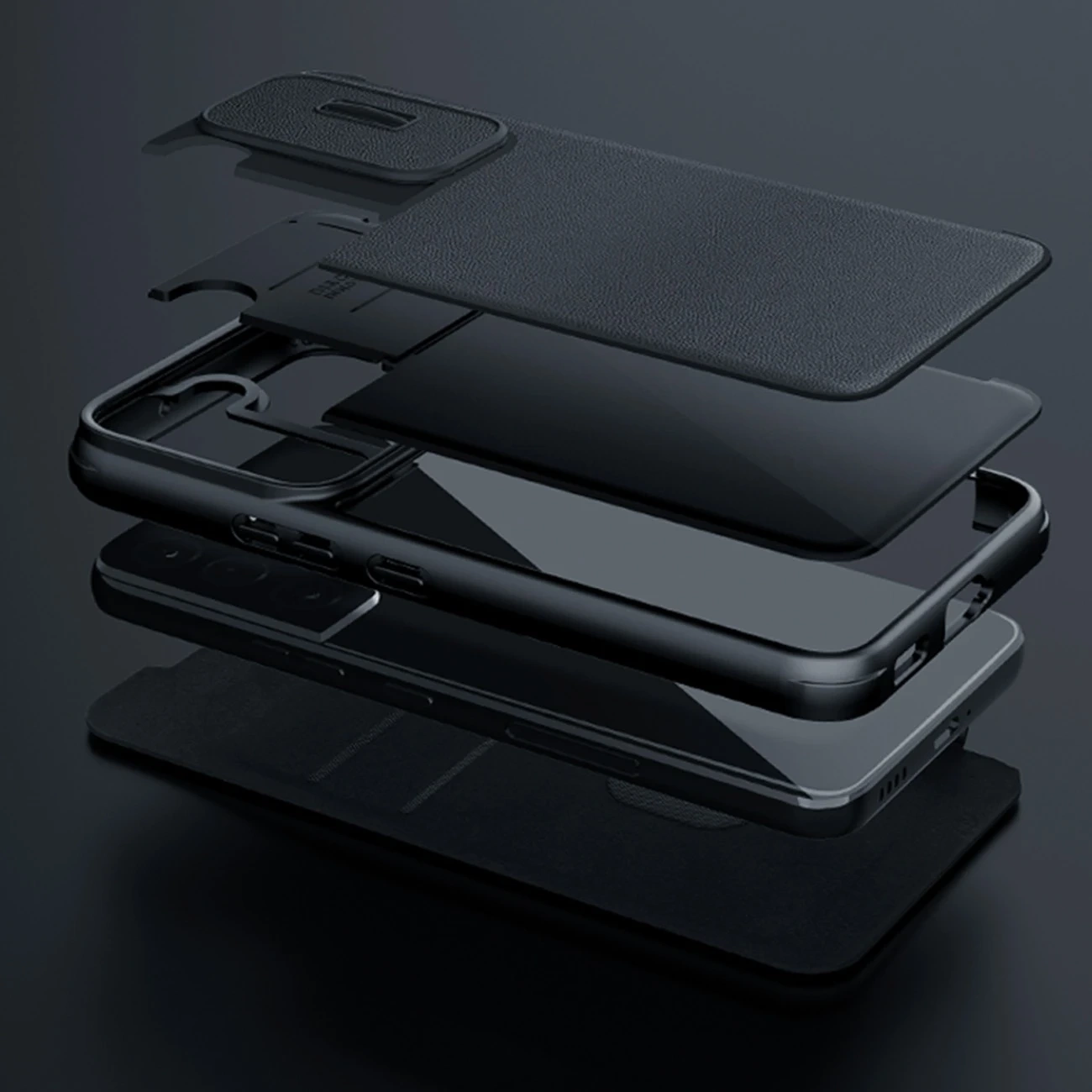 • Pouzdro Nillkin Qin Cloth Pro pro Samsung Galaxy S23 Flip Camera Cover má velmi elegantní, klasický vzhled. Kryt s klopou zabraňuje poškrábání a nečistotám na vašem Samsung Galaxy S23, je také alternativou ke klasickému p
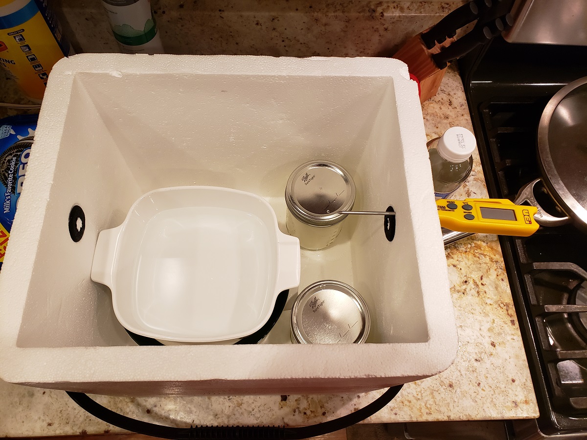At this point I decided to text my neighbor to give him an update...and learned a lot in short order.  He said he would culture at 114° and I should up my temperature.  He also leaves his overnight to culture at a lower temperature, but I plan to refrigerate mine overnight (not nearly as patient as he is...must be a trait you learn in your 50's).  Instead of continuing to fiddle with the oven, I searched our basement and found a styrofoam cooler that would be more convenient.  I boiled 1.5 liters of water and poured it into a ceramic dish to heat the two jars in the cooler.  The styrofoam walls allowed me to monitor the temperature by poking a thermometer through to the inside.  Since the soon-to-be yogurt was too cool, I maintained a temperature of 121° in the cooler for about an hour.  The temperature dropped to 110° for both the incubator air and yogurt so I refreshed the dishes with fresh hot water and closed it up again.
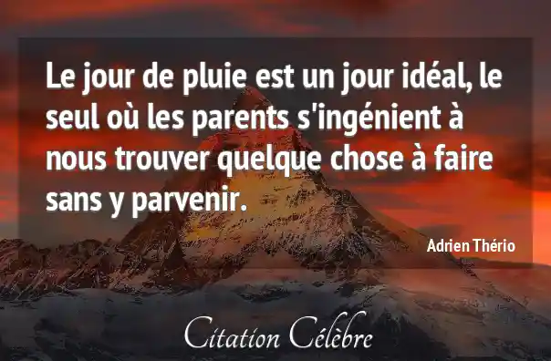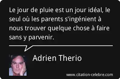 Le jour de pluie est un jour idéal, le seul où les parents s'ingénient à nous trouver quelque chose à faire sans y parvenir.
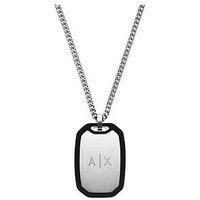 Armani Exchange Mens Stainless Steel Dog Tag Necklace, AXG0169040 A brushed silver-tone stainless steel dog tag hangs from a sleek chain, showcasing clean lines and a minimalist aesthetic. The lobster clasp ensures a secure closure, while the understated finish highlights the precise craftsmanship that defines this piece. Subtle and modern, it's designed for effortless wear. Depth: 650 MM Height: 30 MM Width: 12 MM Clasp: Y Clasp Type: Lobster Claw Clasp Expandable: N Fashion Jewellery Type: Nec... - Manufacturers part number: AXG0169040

(TASK ITEM)
Could you transcribe all of the data exactly and omit the pictures?

(EXERCISE SOLUTION)
 • Pouzdro Nillkin Qin Cloth Pro pro Samsung Galaxy S23 Flip Camera Cover má velmi elegantní, klasický vzhled. Kryt s klopou zabraňuje poškrábání a nečistotám na vašem Samsung Galaxy S23, je také alternativou ke klasickému p
At this point I decided to text my neighbor to give him an update...and learned a lot in short order.  He said he would culture at 114° and I should up my temperature.  He also leaves his overnight to culture at a lower temperature, but I plan to refrigerate mine overnight (not nearly as patient as he is...must be a trait you learn in your 50's).  Instead of continuing to fiddle with the oven, I searched our basement and found a styrofoam cooler that would be more convenient.  I boiled 1.5 liters of water and poured it into a ceramic dish to heat the two jars in the cooler.  The styrofoam walls allowed me to monitor the temperature by poking a thermometer through to the inside.  Since the soon-to-be yogurt was too cool, I maintained a temperature of 121° in the cooler for about an hour.  The temperature dropped to 110° for both the incubator air and yogurt so I refreshed the dishes with fresh hot water and closed it up again.
 Le jour de pluie est un jour idéal, le seul où les parents s'ingénient à nous trouver quelque chose à faire sans y parvenir.
 Armani Exchange Mens Stainless Steel Dog Tag Necklace, AXG0169040 A brushed silver-tone stainless steel dog tag hangs from a sleek chain, showcasing clean lines and a minimalist aesthetic. The lobster clasp ensures a secure closure, while the understated finish highlights the precise craftsmanship that defines this piece. Subtle and modern, it's designed for effortless wear. Depth: 650 MM Height: 30 MM Width: 12 MM Clasp: Y Clasp Type: Lobster Claw Clasp Expandable: N Fashion Jewellery Type: Nec... - Manufacturers part number: AXG0169040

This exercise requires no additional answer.